Since the training courses, the Government has confirmed that it will amend the Enterprise and Regulatory Reform Bill to remove the two-year qualifying period for unfair dismissal claims where the alleged reason for dismissal is political opinion or affiliation, to take account of the European Court of Human Rights decision in Redfearn v United Kingdom. In this case, a bus driver was sacked after he was elected as a local councillor for the British National Party. The European Court of Human Rights (ECHR) said that it was a breach of his human rights to not have the opportunity to claim unfair dismissal due to being sacked for his political opinion.

He did not have the required one year’s service (the qualifying period at the time, now increased to two years for employees whose employment commenced on or after 6 April 2012) to bring a claim.  The Government has confirmed it will not appeal the ruling, and will amend legislation to comply with the ECHR’s decision.  The additional protection for those dismissed because of political opinion or affiliation will come into effect two months after the Enterprise and Regulatory Reform Bill receives Royal Assent and will apply to dismissals on or after that date.

Finally, could we thank everybody for their hard work during all the training sessions and to say we were gratified with both the informal and formal evaluation reports of the various sessions.  If you require any further information, do get in touch at [email protected]



Putting this information in to the context of the Bar Tribunals and Adjudication Service and our policies and procedures, we are committed to a fair distribution of sitting opportunities.  This will be achieved by;


“Only administrative staff who have undergone training on the need to consider the Equality Duty in the course of performing their duties shall be permitted to convene panels and allocate sitting opportunities.  Staff will follow Equality Duty compliant guidance in performing this function.  The aim of BTAS is to convene panels in a fair and non-discriminatory way so that across a year, as far as possible, there is equality of opportunity for each panel member and clerk in terms of sitting on panels.  Sitting opportunities will be monitored and any significant differences across protected characteristics will be investigated and appropriate action taken.

“The Registrar shall monitor the system of allocation of sitting opportunities across all the protected characteristics not less than twice per year and shall report to the Chair of Disciplinary Tribunals and the Chair of the Inns Conduct Committee with the results of such monitoring.”

When sitting as a panellist BTAS similarly expects you to be committed to fair and unbiased decision-making by;

  • make sure that as a panel you remain unbiased throughout and that there are no real or perceived conflicts of interest;
  • be fair minded and willing to hear the full facts of the case before reaching a decision;
  • be prepared to take into account appropriate expert advice, where provided;
  • make sure proceedings are fair and proportionate;
  • ensure that decisions are transparent and sanctions applied in a transparent and consistent manner; and,
  • know and understand the legal requirements and good practice of equality and diversity as they relate to proceedings.

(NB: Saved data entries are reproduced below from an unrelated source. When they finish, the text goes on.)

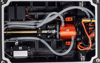 When you're running on water, chances are good a small amount will get into the hull. Spektrum receivers are water resistant, but the exposed pins that accept servo leads are susceptible to connection issues if they do become wet. The Blackjack 24" catamaran includes a receiver box that locks out moisture and keeps this critical component safe and dry.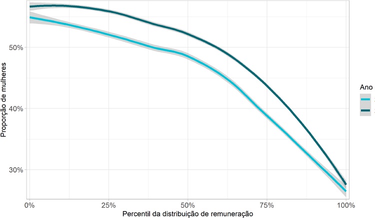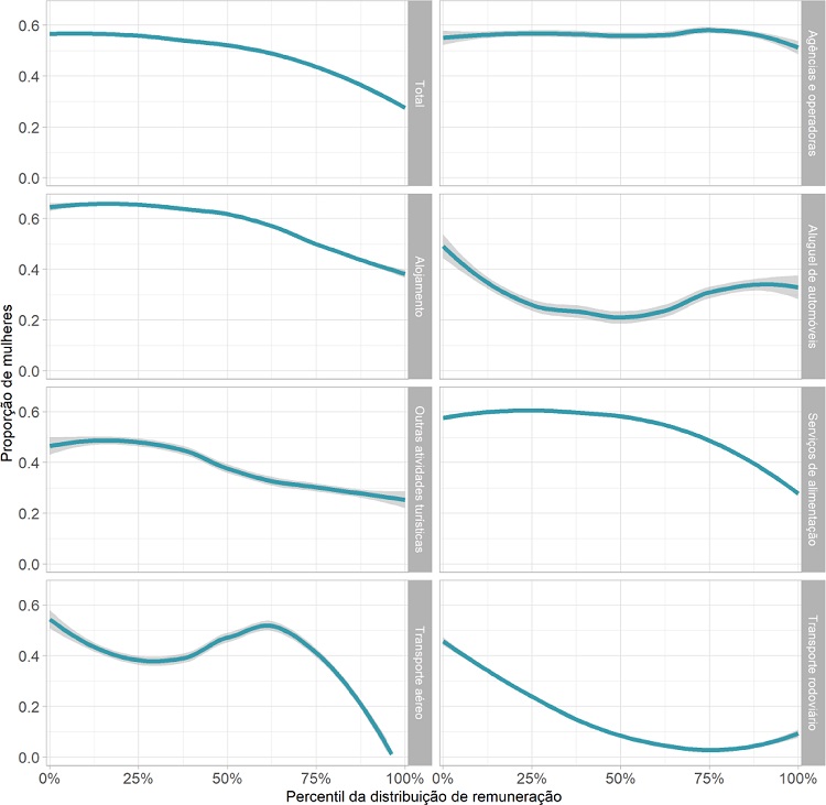 A redução da proporção de mulheres em empregos com salários mais altos é evidente em todas as atividades das ACTs, exceto nas agências de viagens. Os efeitos mais notáveis estão nas atividades de transporte aéreo e rodoviário. No entanto, apesar da tendência geral de queda da proporção de mulheres conforme os salários crescem, a relação entre as duas variáveis não é linear, e sequer monotônica. No caso do aluguel de automóveis, por exemplo, após uma tendência de queda a partir dos percentis mais baixos, a participação feminina volta a aumentar substancialmente para salários acima do percentil 70%. O padrão de variação é ainda mais complexo no transporte aéreo (Figura 12).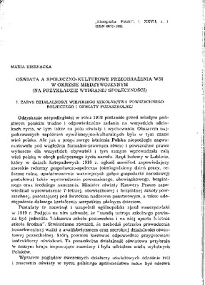 Oswiata a społeczno-kulturowe przeobrażenia wsi w okresie międzywojennym (na przykładzie wybranej społeczności) / ETNOGRAFIA POLSKA 1983 t.27 z.1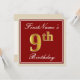 Invitación Elegante, rojo, falso oro 9 cumpleaños + nombre pe

[1] a ‘statutory authority’ exception allows differential treatment that would otherwise be considered age discrimination, where it is required by law. For example, exceptions to prescription charges and eyesight tests (based on age) are provided for in legislation as is the age of entitlement for the state pension and concessions such as free bus passes.

[2] Service providers can also take positive action to alleviate disadvantage experienced by people of particular ages, reduce their under-representation in relation to particular activities or meet their particular needs.

[3] I.e.: it is possible to justify treatment that would otherwise be direct age discrimination where it is a proportionate means of achieving a legitimate aim.